Materials and methods
The systematic literature search was performed in the following electronic databases: PubMed, EMBASE, Web of Science, Cochrane Library, CENTRAL and the Allied and Complementary Medicine Databases (AMED). The search consisted of terms: “anal itch”, “pruritus ani”, “anal pruritus”, “perianal sore”, “perianal burning”, “chronic itch”, “chronic pruritus”, “perianal dermatitis”.
The search was restricted to English language publications only without a time limitation. Most recent search was performed on 1st June 2022. Both authors reviewed articles independently for inclusion. Additionally, the reference lists were searched, and relevant studies were included.
Clinical features, diagnosis and classifications
Patients with anal pruritus present with itching, burning and soreness in the perianal region subsequently leading to scratching . One of the crucial diagnostic goals is to differentiate between primary and secondary pruritus. Literature data are contradicting which of the types is more common [6, 9]. There are up to 100 conditions leading to perianal itching, which makes differential diagnostics and treatment quite challenging (most frequent can be seen in Table 1) [10,11,12,13]. In view of that, a thorough history and digital examination is of great importance.
The onset of the disease varies, but more often patients experience itch during the night or in the hot weather. It is necessary to inquire if the patient noticed any factors that exaggerate or alleviate the symptoms, for example, tight clothing that promotes sweating may make the itching worse . Residue from detergents on clothing may also amplify the symptoms . In several studies tobacco use, alcohol and several food products, such as milk, chocolate, citrus or tomatoes have been linked to idiopathic anal pruritus [9, 15]. Furthermore, patients’ hygienic practices are important, the use of soaps, perfumes and the frequency of cleansing must be documented. Inquiry about their previous patch testing and other past medical history is important as some of them could be directly linked to the development of pruritus (Table 1). Severe allergies and hereditary conditions should be noted when taking the family history. Anal pruritus in several family members is uncommon, but infectious diseases should be excluded in such context . Moreover, the use of any medications, especially steroids and antibiotics, must be considered. Even the use of simple, over the counter and topical medications, has to be noted, as they may change the symptoms and appearance of the perianal region during physical examination .

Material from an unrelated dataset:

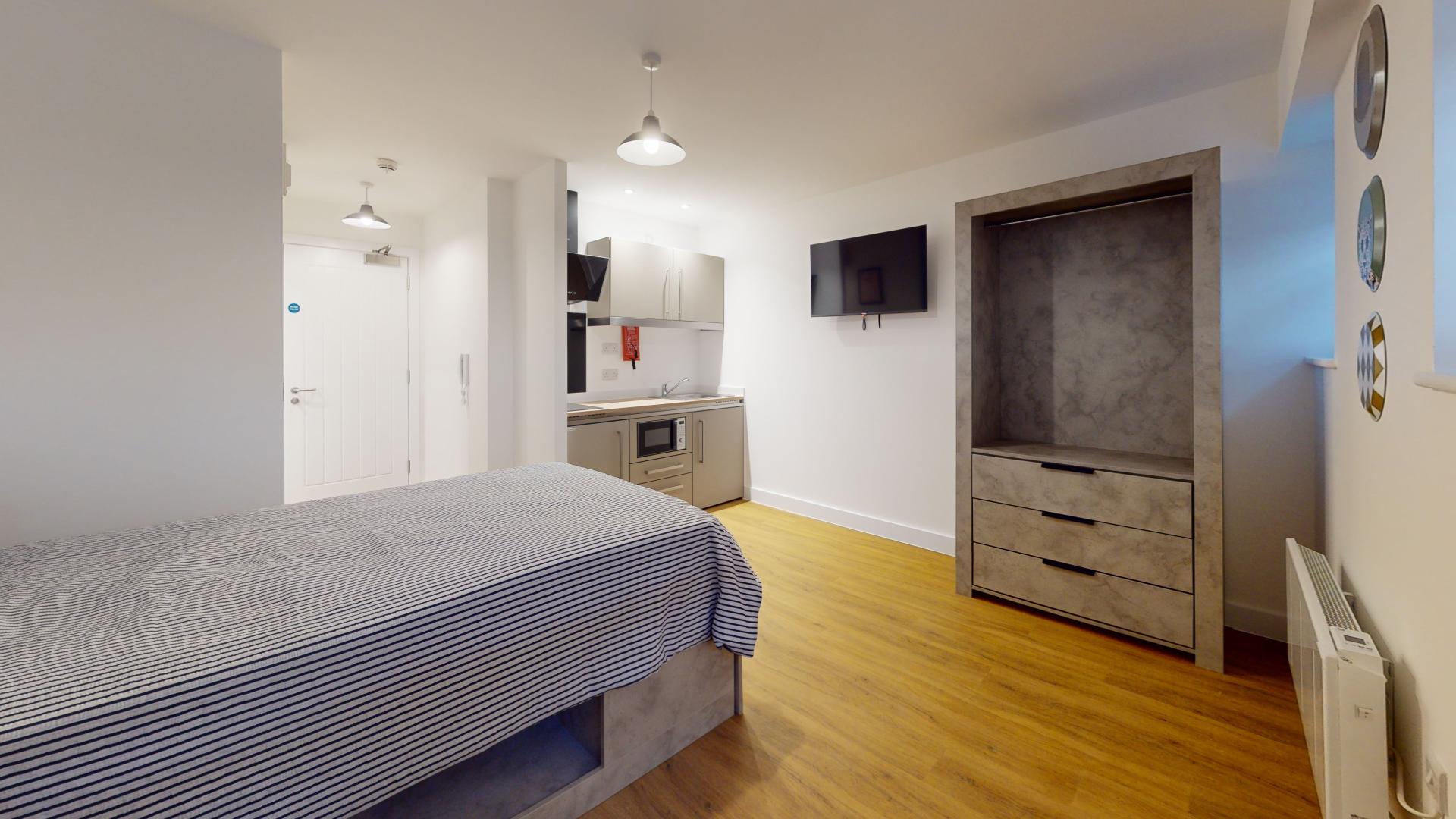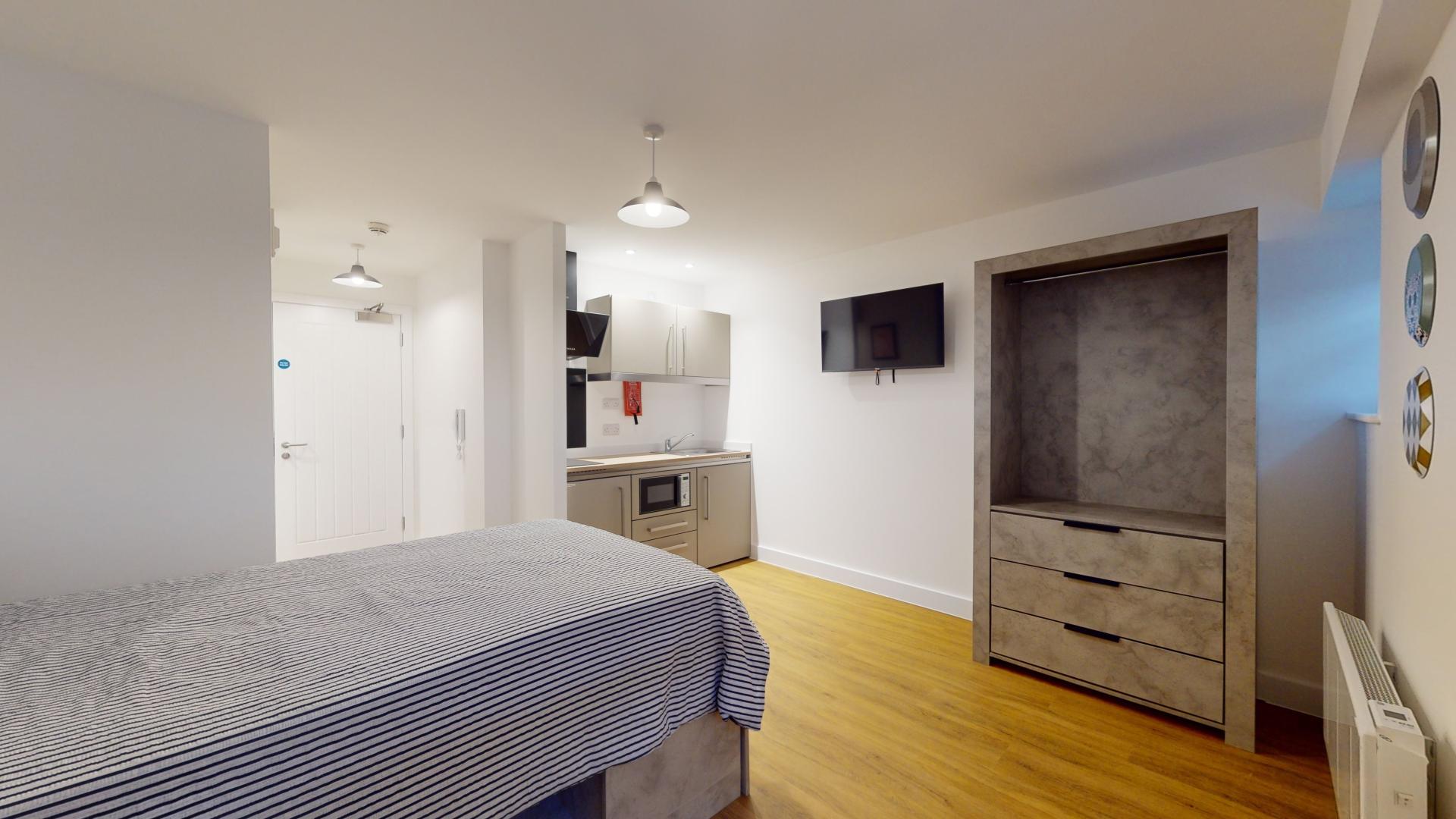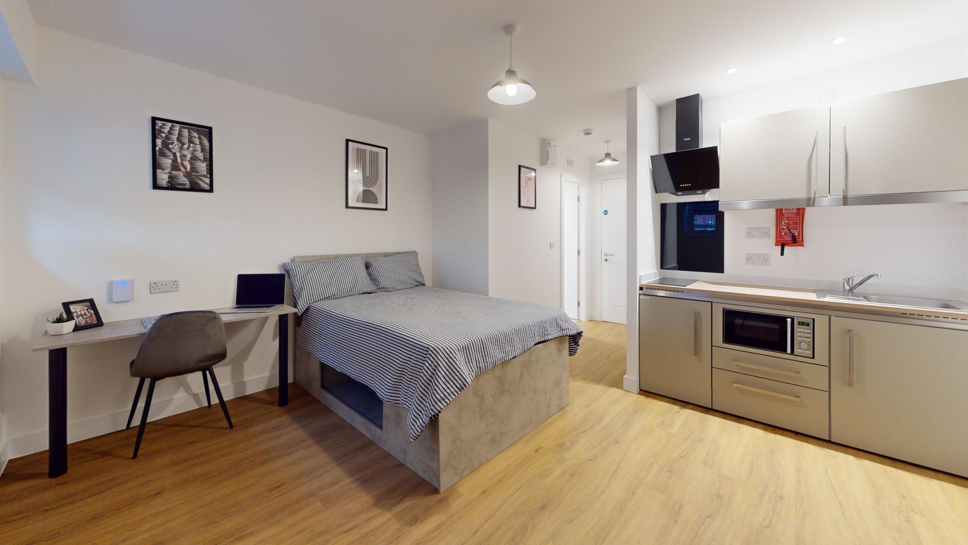 The studio offers a fully self-contained living space complete with an ensuite bathroom and a fully equipped kitchen, ensuring students have everything they need at their fingertips. Its prime location in the town centre places Tesco right next door, making grocery runs quick and hassle-free. Residents can also maintain an active lifestyle with the convenience of an onsite gym, while secure bike storage facilities provide peace of mind by protecting bicycles from potential theft or damage.

A detailed proctological history is necessary; it should include questions about bowel movement frequency, consistency and if there were any recent changes. In cases when fecal incontinence is suspected, a specialized questionnaire, such as Wexner score, could be useful in objectifying and grading the severity of the problem . The history should include whether the patient has any anorectal conditions, most importantly ones listed in Table 1; if the patient underwent any coloproctological procedures.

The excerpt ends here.